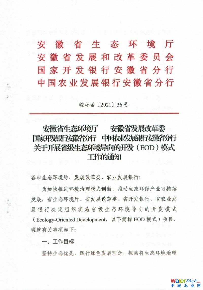 安徽。宏P(guān)于開展省級生態(tài)環(huán)境導(dǎo)向的開發(fā)(EOD)模式工作的通知
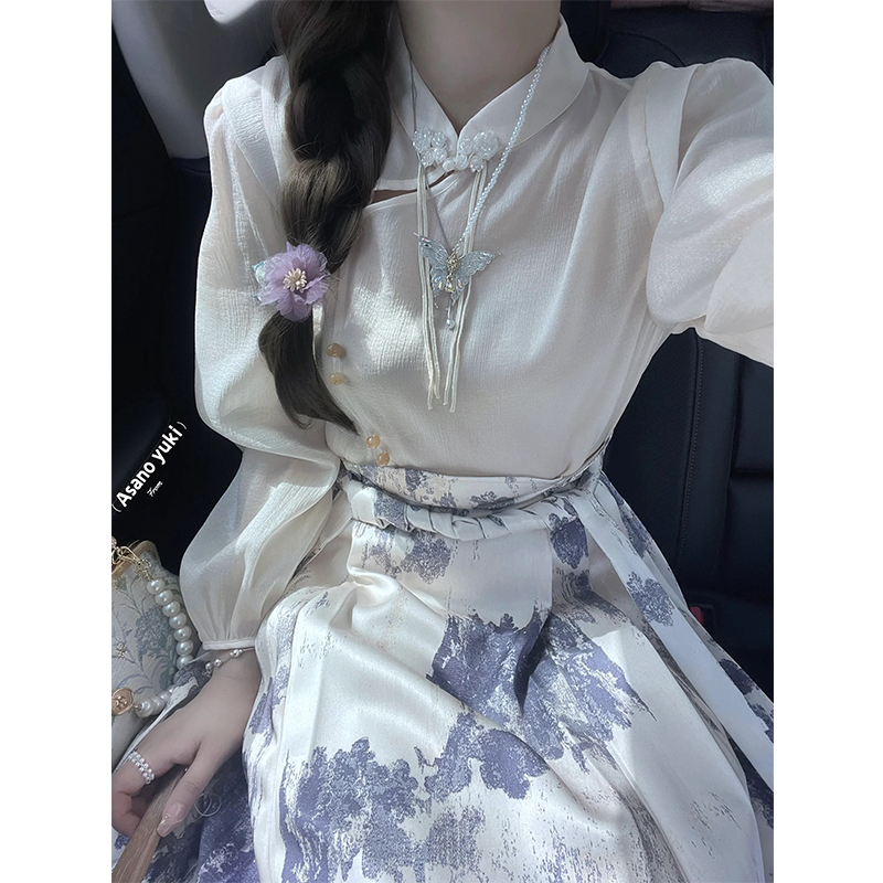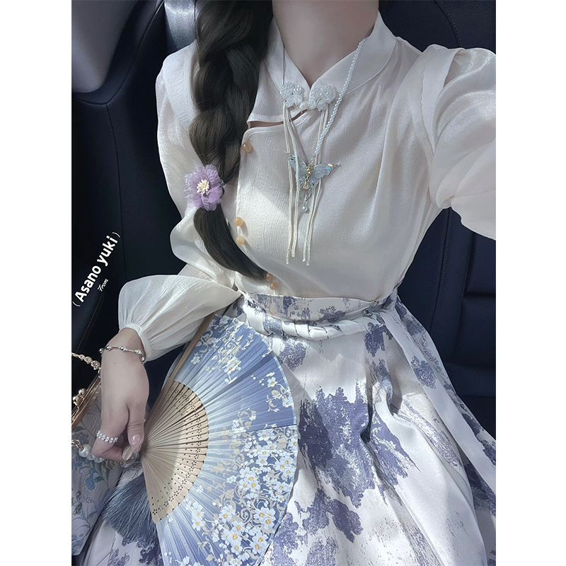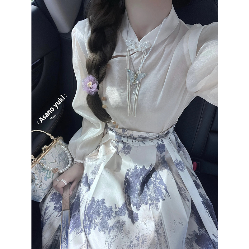 新中式國風馬面裙套裝女秋季高級感氣質長袖襯衫半身長裙子兩件套
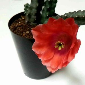 🌵サボテン桃太郎🌵開花✨✨✨ 大きくて朱色です❣️ 蕾は濃い赤♥️ まだまだ楽しみ~😆✨
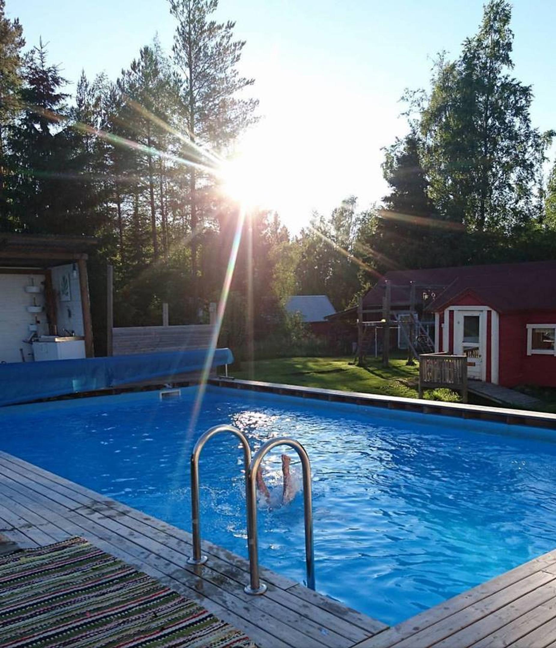 Kesäisin uima-allas on käytössä päivittäin. Meidän vanhempien lisäksi allasta käyttävät 10–15-vuotiaat lapsemme. Välillä järjestämme ystävillemme ja sukulaisillemme grillausiltoja ja allaspippaloita.
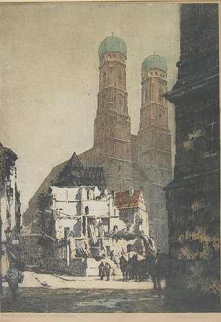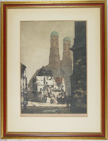 KASIMIR, Luigi, (Austrian, 1881-1962): ''Die Frauenthurme in Munich'', Etching and Aquatint, 22 3/4'' x 15 3/4'' sight size, pencil signed and titled, framed, 32 1/2'' x 25''.
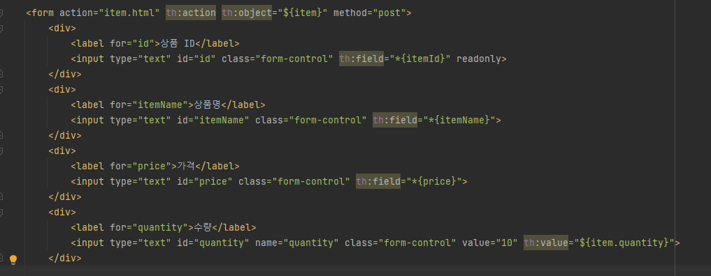 - id, name, value 모두 th:field 에서 지정한 변수의 이름이나 값을 사용한다.
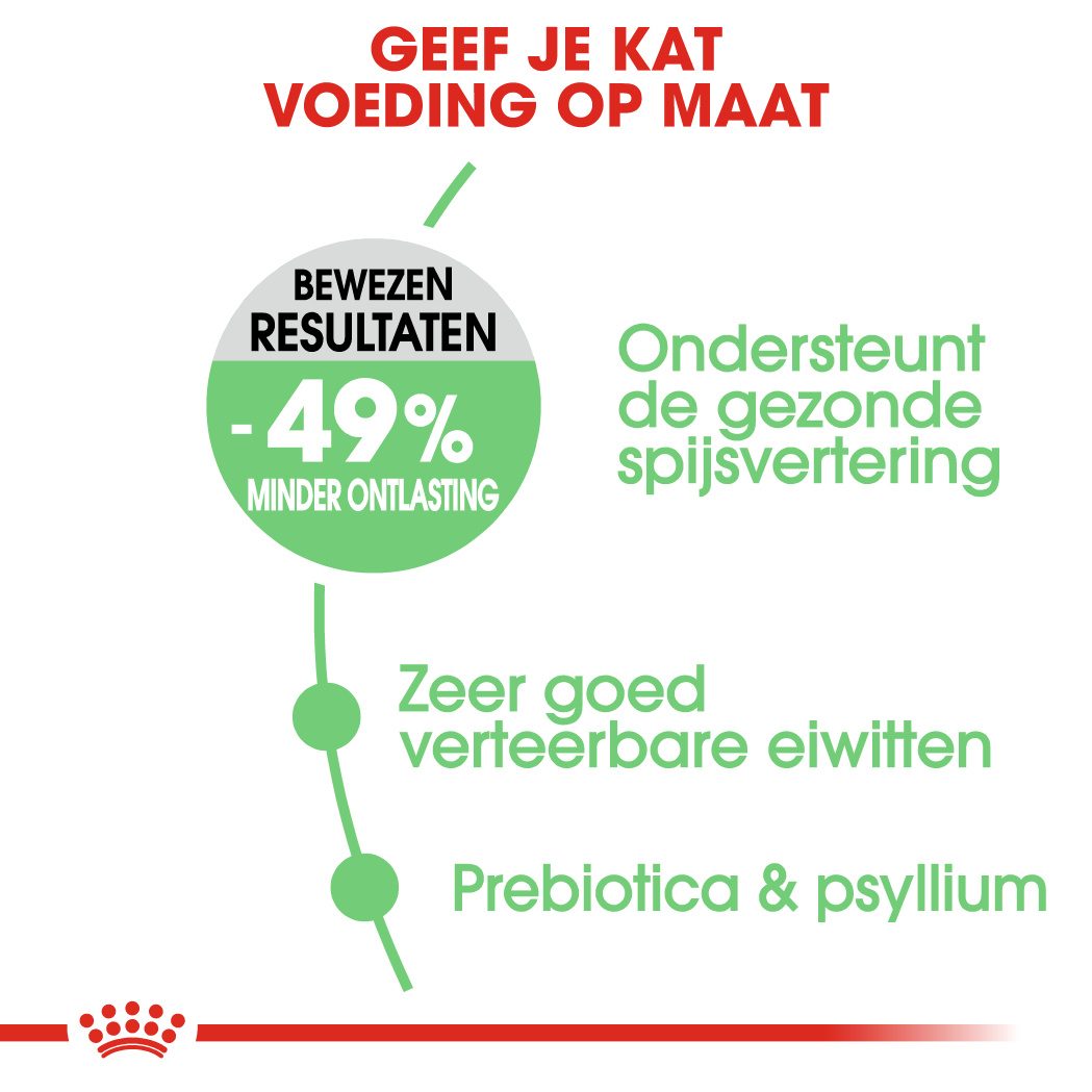 ROYAL CANIN® Digestive Care is ook beschikbaar als natte voeding in een overheerlijke saus of als een zachte smakelijke paté. Volg onze voedingsrichtlijnen als je van plan bent om je kat gemengd te voeren, zodat zij de optimale hoeveelheden droog- en natvoeding voorgeschoteld krijgt.
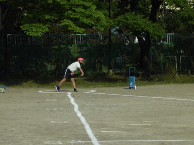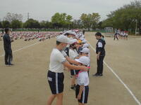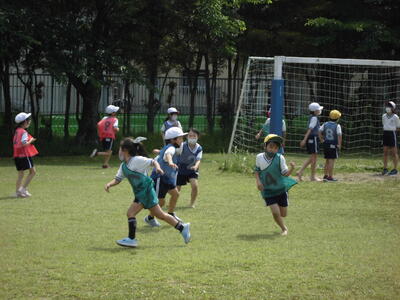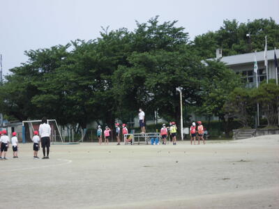 ( ↓ ビブスを着けた運動委員を中心に進めました。)
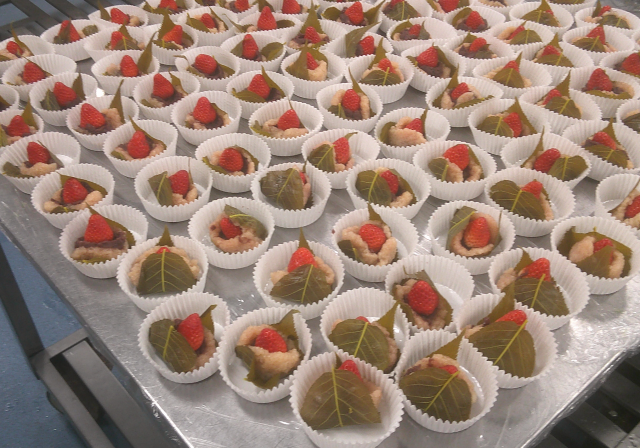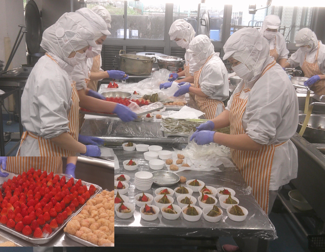 明日が青空班給食なので、一日早いひな祭り献立です。すし酢を作り、固めに炊いたご飯にかけてすし飯にし、凍り豆腐や鶏肉等を煮た具と混ぜ合わせ、炒り卵・花形にんじんで飾り付けました。すまし汁は、豆腐・えのきたけ・わかめ・糸三つ葉を入れました。だしのうま味がきいています。いちご桜餅は、手作りの道明寺の桜餅です。道明寺粉にビーツの缶詰をピューレ状にして混ぜて赤く染め、蒸してから分割して丸めて伸ばし、いちごをのせた小豆あんを包み、桜の葉の塩漬けで包みました。手間と時間のかかる作業でしたが、調理員さんが愛情込めて一生懸命作ってくれました。小豆の甘さと、桜の葉の香りが馴染んだとてもおいしい桜餅でした。今日もよく食べてくれました。
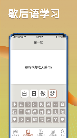 3、有成语模式,让用户学习不再枯燥,更有虚拟有趣的关卡等待用户体验;
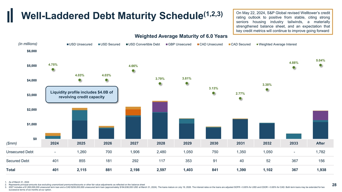 On May 22, 2024, S&P Global revised Welltower’s credit (1,2,3) rating outlook to positive from stable, citing strong Well-Laddered Debt Maturity Schedule seniors housing industry tailwinds, a materially strengthened balance sheet, and an expectation that key credit metrics will continue to improve going forward Weighted Average Maturity of 6.0 Years (in millions) USD Unsecured USD Secured USD Convertible Debt GBP Unsecured CAD Unsecured CAD Secured Weighted Average Interest $6,000 5.04% 4.88% 4.75% $5,000 4.66% 4.03% 4.03% 3.81% 3.79% $4,000 3.38% 3.13% Liquidity profile includes $4.0B of 2.77% $3,000 revolving credit capacity $2,000 $1,000 $0 2024 2025 2026 2027 2028 2029 2030 2031 2032 2033 Thereafter ($mm) 2024 2025 2026 2027 2028 2029 2030 2031 2032 2033 After Unsecured Debt - 1,260 700 1,906 2,480 1,050 750 1,350 1,050 - 1,782 Secured Debt 401 855 181 292 117 353 91 40 52 367 156 Total 401 2,115 881 2,198 2,597 1,403 841 1,390 1,102 367 1,938 1. As of March 31, 2024 2. Represents principal amounts due excluding unamortized premiums/discounts or other fair value adjustments as reflected on the balance sheet 28 3. 2027 includes a $1,000,000,000 unsecured term loan and a CAD $250,000,000 unsecured term loan (approximately $184,638,000 USD at March 31, 2024). The loans mature on July 19, 2026. The interest rates on the loans are adjusted SOFR + 0.85% for USD and CDOR + 0.85% for CAD. Both term loans may be extended for two successive terms of six months at our option.
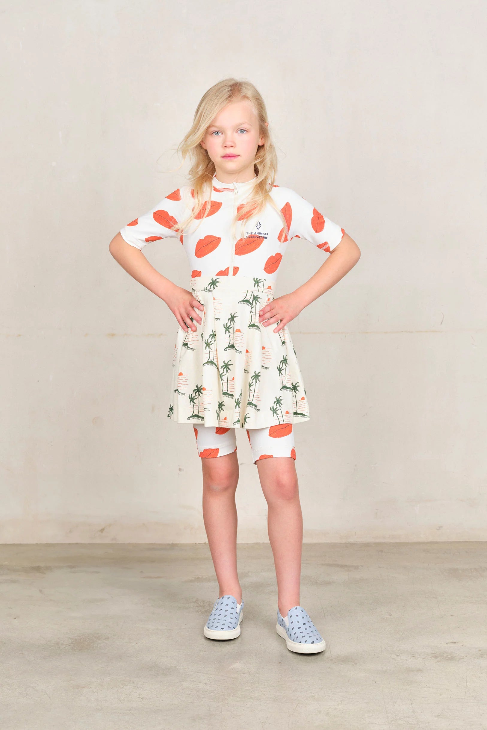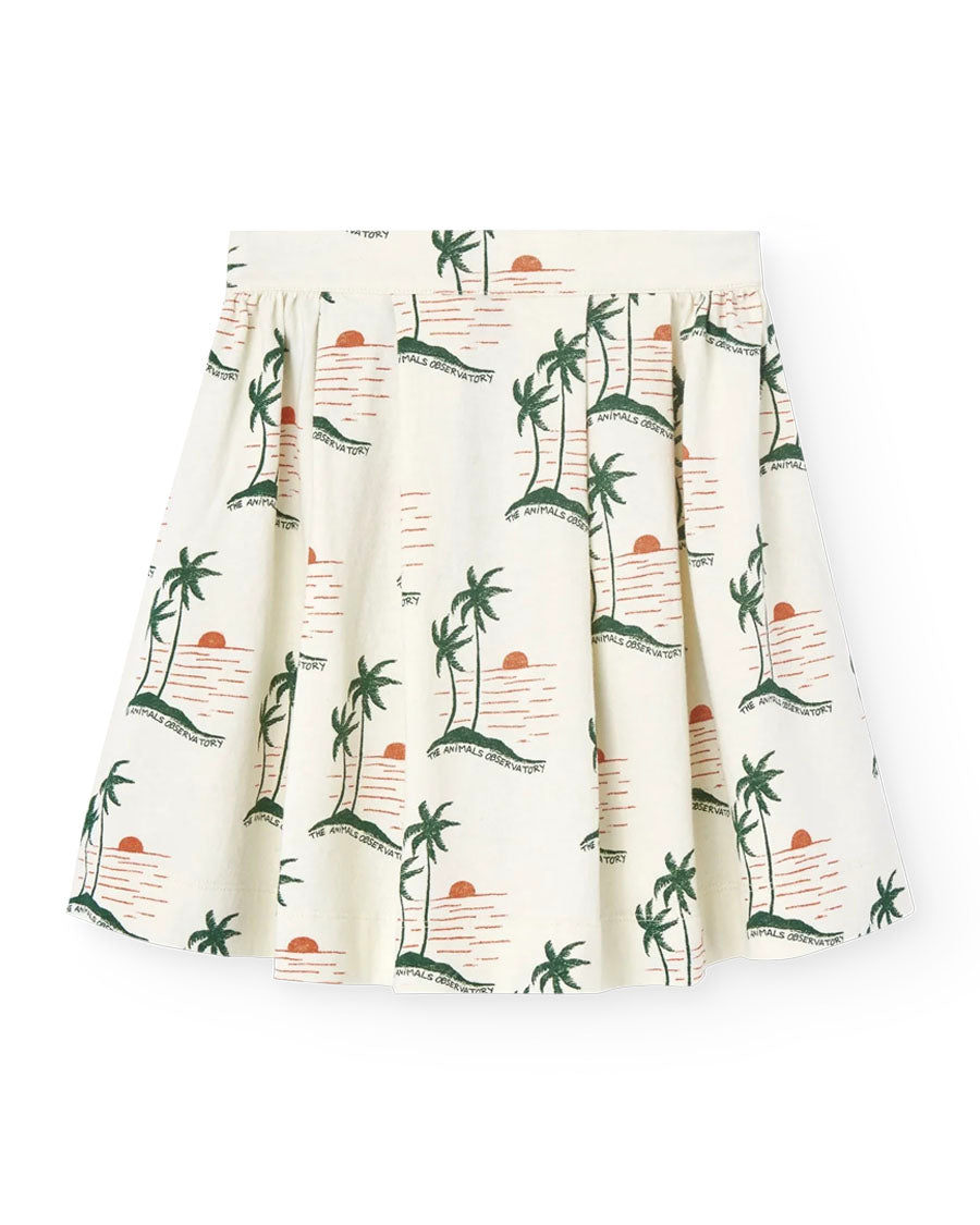 Pleated skirt featuring a sunset in paradise print. Light and breezy, perfect for summer outings.
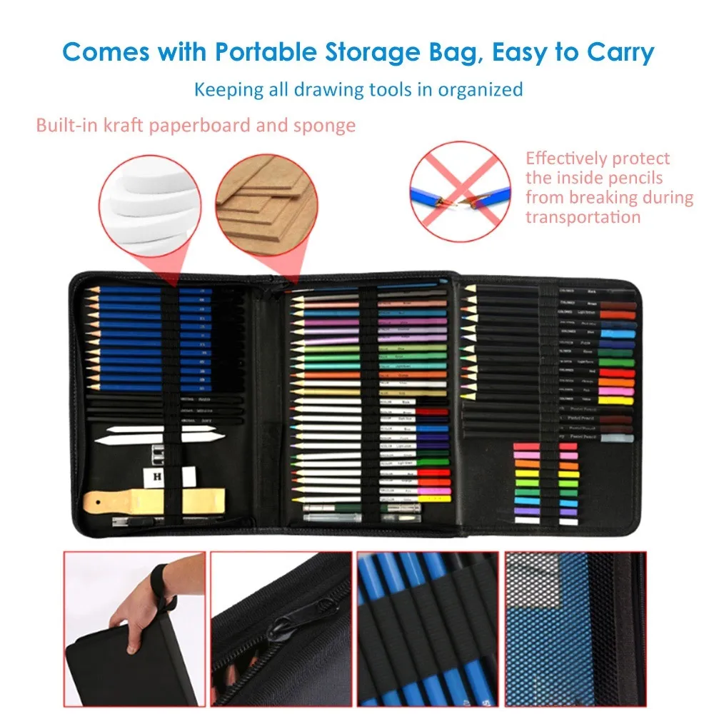 71/74Pcs Art Drawing Pencil Set Sketch Colored Pencil Set Professional Artist Painting Oil Pencil Stationery Sketch Art Supplies Description: N…
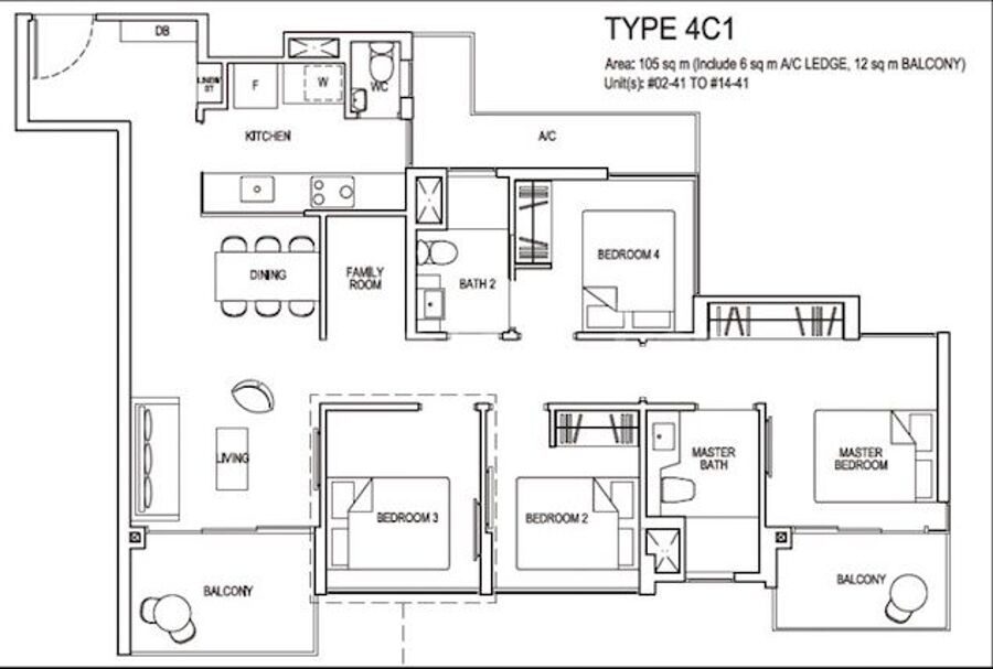➤4 bedroom classic: 1, 130 sf

-- -- --

Return the data above unchanged. Pictures are not part of the copy.

 安徽。宏P(guān)于開展省級生態(tài)環(huán)境導(dǎo)向的開發(fā)(EOD)模式工作的通知
 新中式國風馬面裙套裝女秋季高級感氣質長袖襯衫半身長裙子兩件套
 🌵サボテン桃太郎🌵開花✨✨✨ 大きくて朱色です❣️ 蕾は濃い赤♥️ まだまだ楽しみ~😆✨
 Kesäisin uima-allas on käytössä päivittäin. Meidän vanhempien lisäksi allasta käyttävät 10–15-vuotiaat lapsemme. Välillä järjestämme ystävillemme ja sukulaisillemme grillausiltoja ja allaspippaloita.
 KASIMIR, Luigi, (Austrian, 1881-1962): ''Die Frauenthurme in Munich'', Etching and Aquatint, 22 3/4'' x 15 3/4'' sight size, pencil signed and titled, framed, 32 1/2'' x 25''.
 - id, name, value 모두 th:field 에서 지정한 변수의 이름이나 값을 사용한다.
 ROYAL CANIN® Digestive Care is ook beschikbaar als natte voeding in een overheerlijke saus of als een zachte smakelijke paté. Volg onze voedingsrichtlijnen als je van plan bent om je kat gemengd te voeren, zodat zij de optimale hoeveelheden droog- en natvoeding voorgeschoteld krijgt.
 ( ↓ ビブスを着けた運動委員を中心に進めました。)
 明日が青空班給食なので、一日早いひな祭り献立です。すし酢を作り、固めに炊いたご飯にかけてすし飯にし、凍り豆腐や鶏肉等を煮た具と混ぜ合わせ、炒り卵・花形にんじんで飾り付けました。すまし汁は、豆腐・えのきたけ・わかめ・糸三つ葉を入れました。だしのうま味がきいています。いちご桜餅は、手作りの道明寺の桜餅です。道明寺粉にビーツの缶詰をピューレ状にして混ぜて赤く染め、蒸してから分割して丸めて伸ばし、いちごをのせた小豆あんを包み、桜の葉の塩漬けで包みました。手間と時間のかかる作業でしたが、調理員さんが愛情込めて一生懸命作ってくれました。小豆の甘さと、桜の葉の香りが馴染んだとてもおいしい桜餅でした。今日もよく食べてくれました。
 3、有成语模式,让用户学习不再枯燥,更有虚拟有趣的关卡等待用户体验;
 On May 22, 2024, S&P Global revised Welltower’s credit (1,2,3) rating outlook to positive from stable, citing strong Well-Laddered Debt Maturity Schedule seniors housing industry tailwinds, a materially strengthened balance sheet, and an expectation that key credit metrics will continue to improve going forward Weighted Average Maturity of 6.0 Years (in millions) USD Unsecured USD Secured USD Convertible Debt GBP Unsecured CAD Unsecured CAD Secured Weighted Average Interest $6,000 5.04% 4.88% 4.75% $5,000 4.66% 4.03% 4.03% 3.81% 3.79% $4,000 3.38% 3.13% Liquidity profile includes $4.0B of 2.77% $3,000 revolving credit capacity $2,000 $1,000 $0 2024 2025 2026 2027 2028 2029 2030 2031 2032 2033 Thereafter ($mm) 2024 2025 2026 2027 2028 2029 2030 2031 2032 2033 After Unsecured Debt - 1,260 700 1,906 2,480 1,050 750 1,350 1,050 - 1,782 Secured Debt 401 855 181 292 117 353 91 40 52 367 156 Total 401 2,115 881 2,198 2,597 1,403 841 1,390 1,102 367 1,938 1. As of March 31, 2024 2. Represents principal amounts due excluding unamortized premiums/discounts or other fair value adjustments as reflected on the balance sheet 28 3. 2027 includes a $1,000,000,000 unsecured term loan and a CAD $250,000,000 unsecured term loan (approximately $184,638,000 USD at March 31, 2024). The loans mature on July 19, 2026. The interest rates on the loans are adjusted SOFR + 0.85% for USD and CDOR + 0.85% for CAD. Both term loans may be extended for two successive terms of six months at our option.
 Pleated skirt featuring a sunset in paradise print. Light and breezy, perfect for summer outings.
 71/74Pcs Art Drawing Pencil Set Sketch Colored Pencil Set Professional Artist Painting Oil Pencil Stationery Sketch Art Supplies Description: N…
➤4 bedroom classic: 1, 130 sf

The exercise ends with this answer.